On your jobtracker main page, the Cluster Summary > Map Task Capacity gives
you the total slots available in your cluster.

> When i run the MR program, i could see in the Map/Reduce Administration
> page that the number of Maps Total = 8, so i assume that everything is
> going well here, once again if i'm wrong please correct me.
> (Sometimes it shows only Maps Total = 3)
>
>
This value tells us the number of maps that will run for the job.
> There's one thing which i'm uncertain about hadoop distribution.

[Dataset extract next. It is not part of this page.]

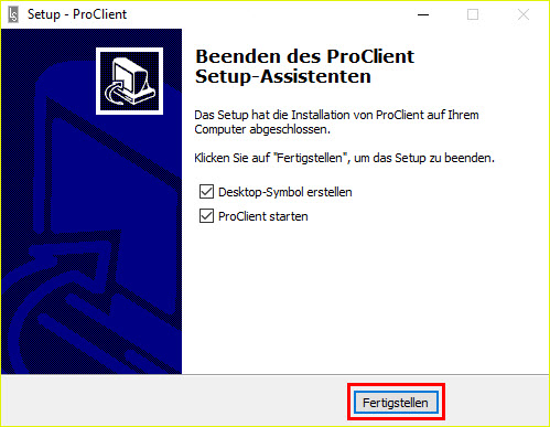 ProClient wird auf Ihren Rechner eingerichtet. Dies kann einen kurzen Moment dauern.
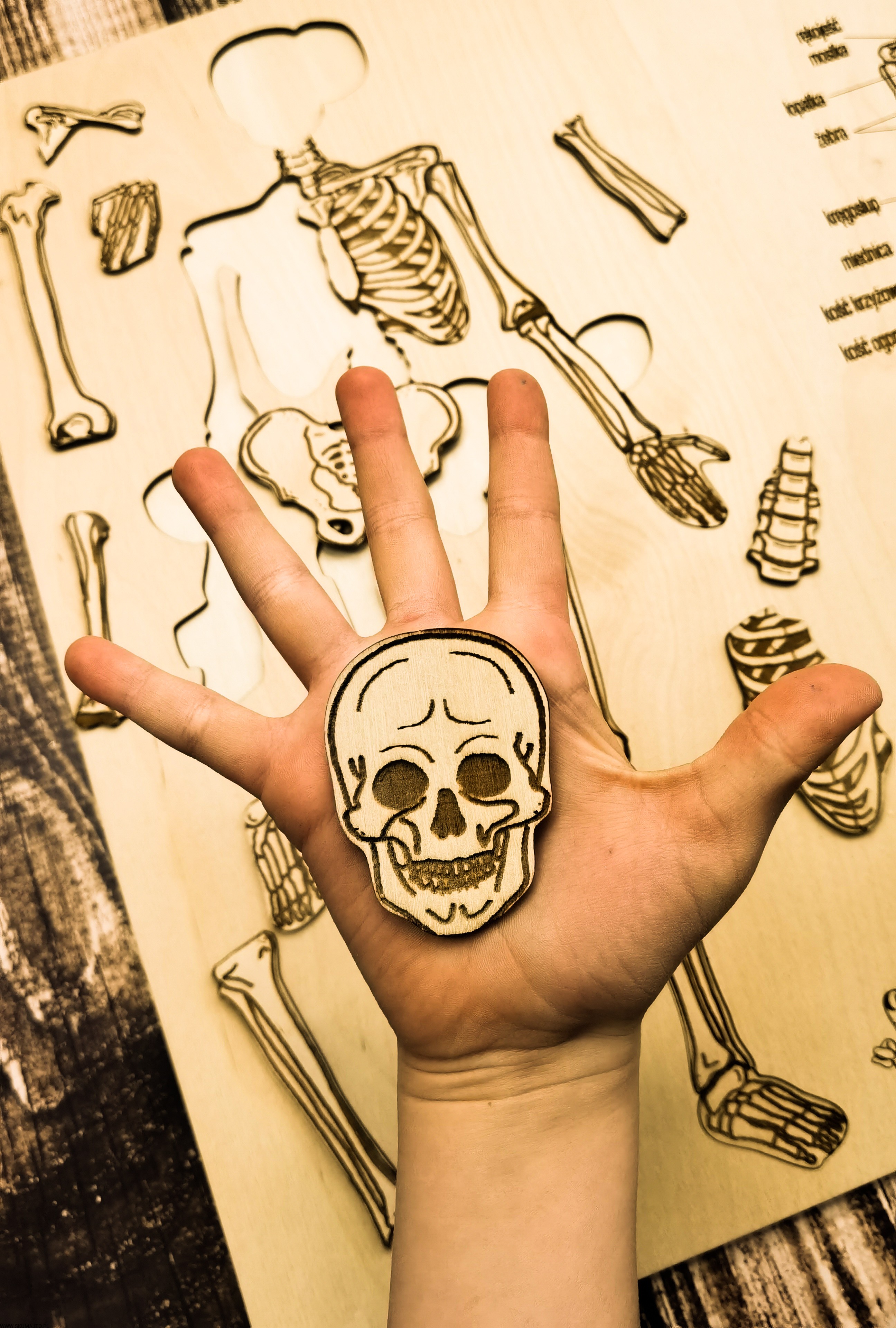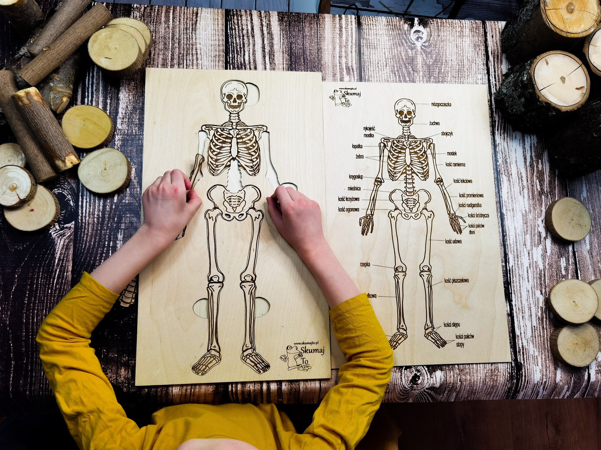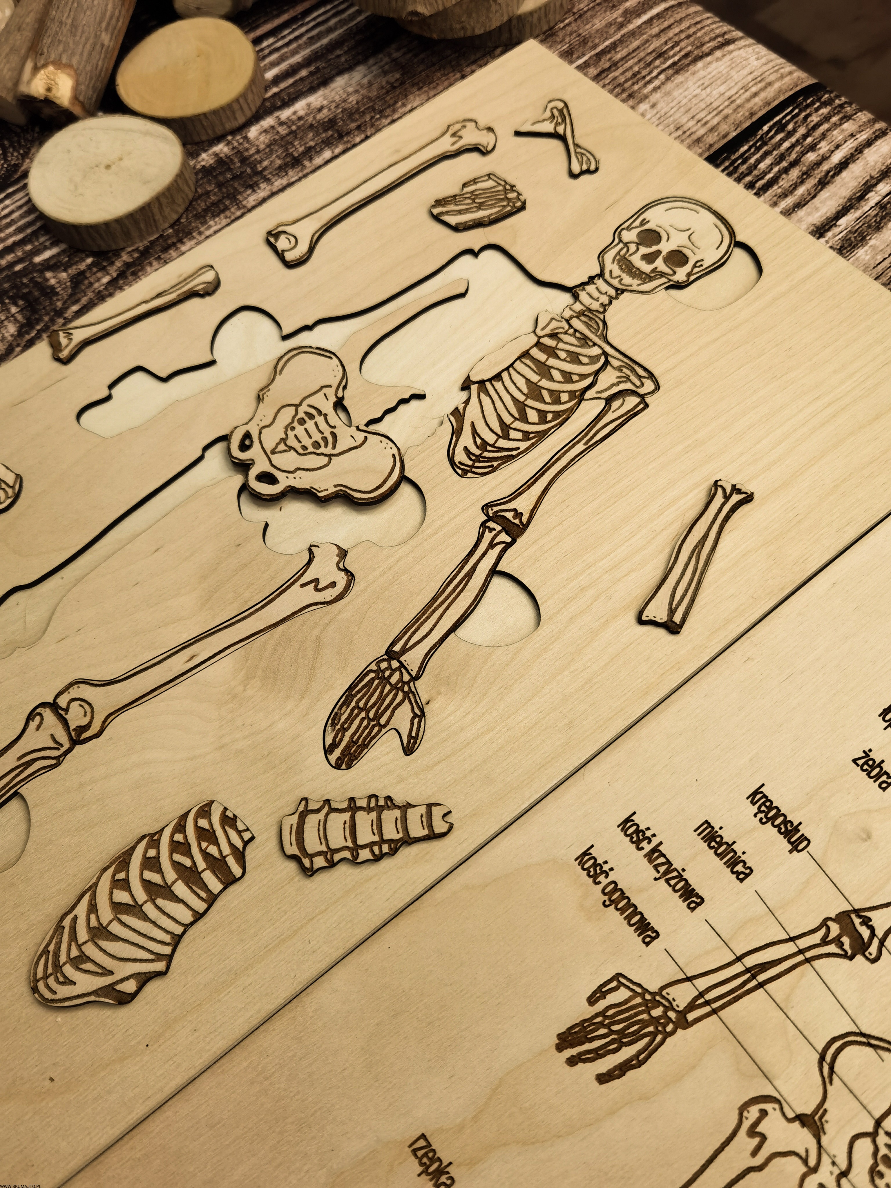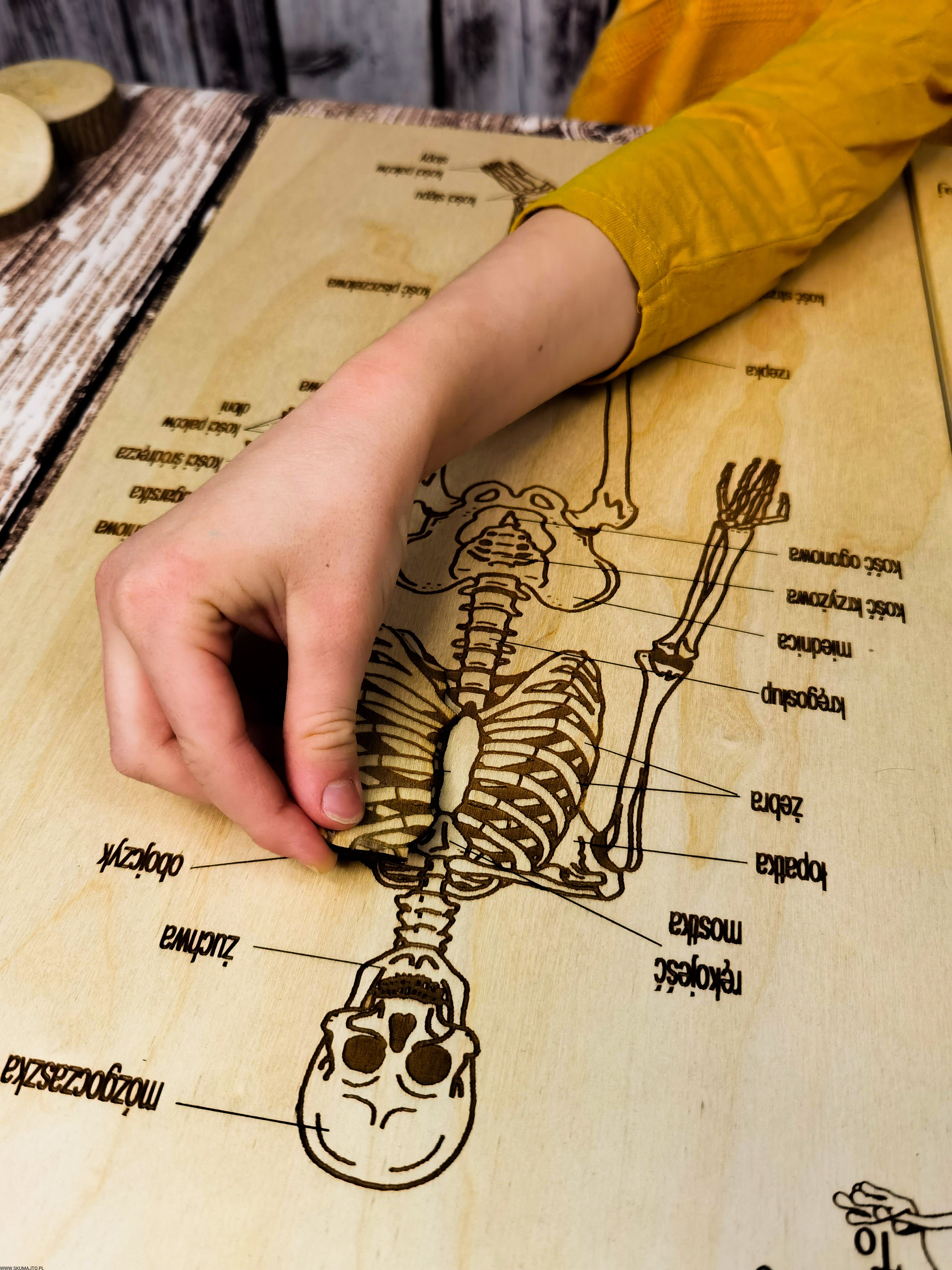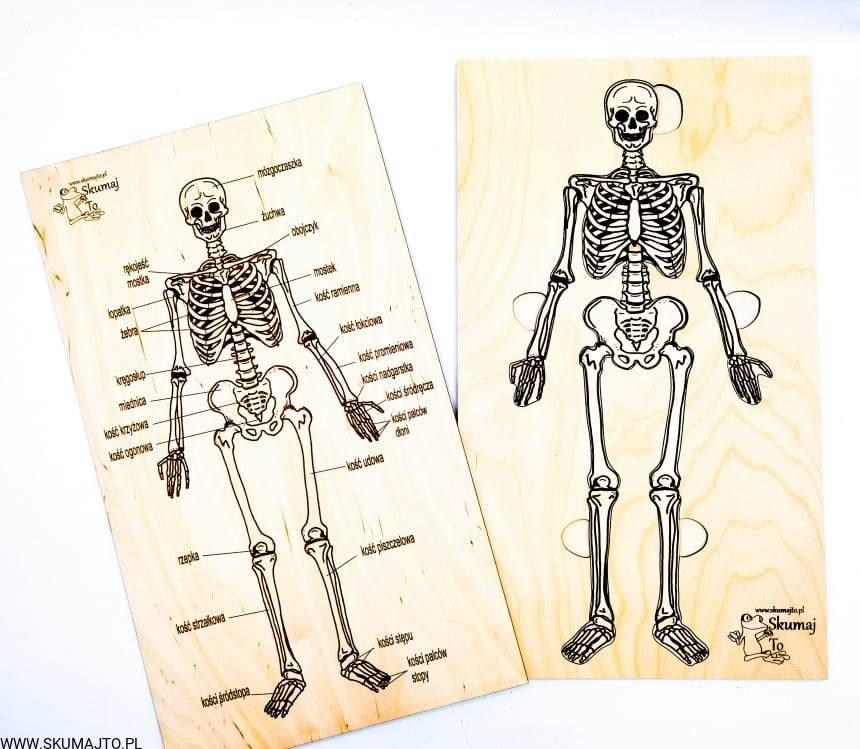Szkielet, kości człowieka, układanka drewniana, układ szkieletowy, wyciągane kości

> Is the Maps Total = 8 means that there are 8 map tasks split among all
> the data nodes (task trackers)?
> Is there anyway i can checked whether all the tasks are shared among
> datanodes (where task trackers are working).
>

There's no easy way to check this. The task page for every task shows the
attempts that ran for each task and where they ran under the 'Machine'
column.
> When i clicked on each link under that Task Id, i can see there's "Input
> Split Locations" stated under each task details, if the inputs are
> splitted between data nodes, does that means that everything is working
> well?
>
>
I think this is just the location of the splits, including the replicas.

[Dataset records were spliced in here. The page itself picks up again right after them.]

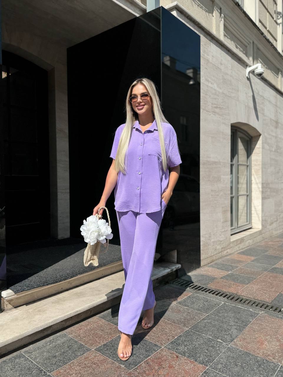 Костюм (брюки + рубашка и майка) Цвет: голубой, лаванда, пудра, малина, серый Ткань : креп жатка Размеры: S, M, L, XL
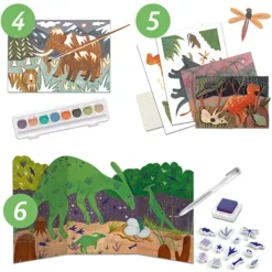 Inclusief waterverf, penseel, stickers, stempels, stempelkussen, krasstylus en instructieboekje.
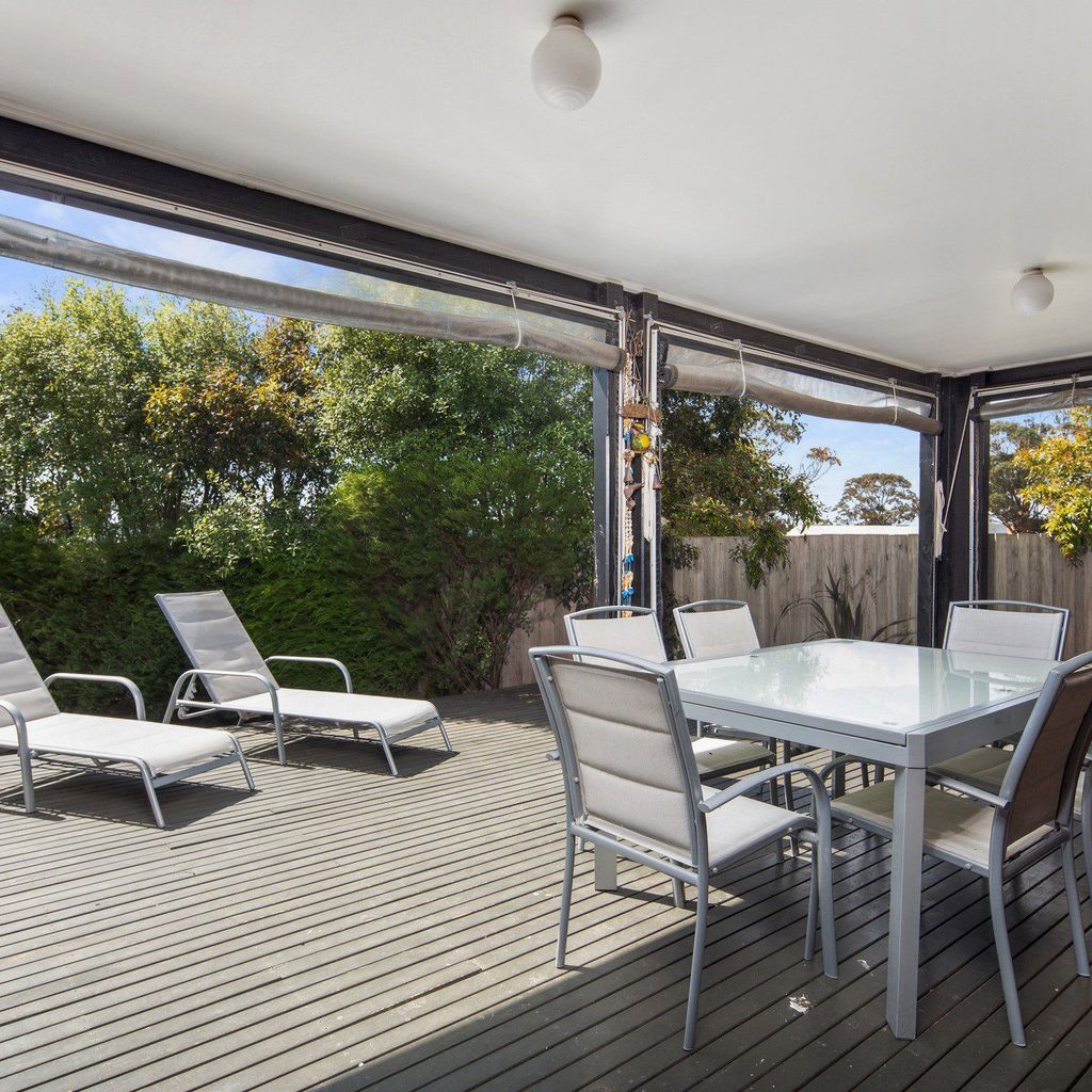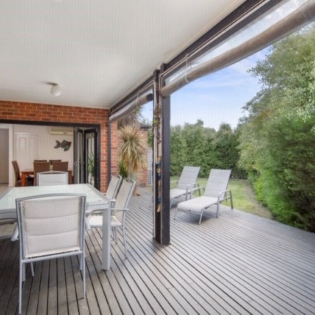 Extend the living area by opening up the stacked glass doors to the outdoor decked area with dining setting, sun lounges and bistro blinds.

What you could see is if enough data local maps ran - which means that the
tasks mostly got their inputs from datanodes running on the same machine as
themselves. This is given by the counter "Data-local map tasks" on the job
UI page.
> I need to make sure i got everything running well because my MR took
> around 6 hours to finish despite the input size is small.. (Well, i know
> hadoop is not meant for small data), I'm not sure whether it's my
> configuration that goes wrong or hadoop is just not suitable for my case.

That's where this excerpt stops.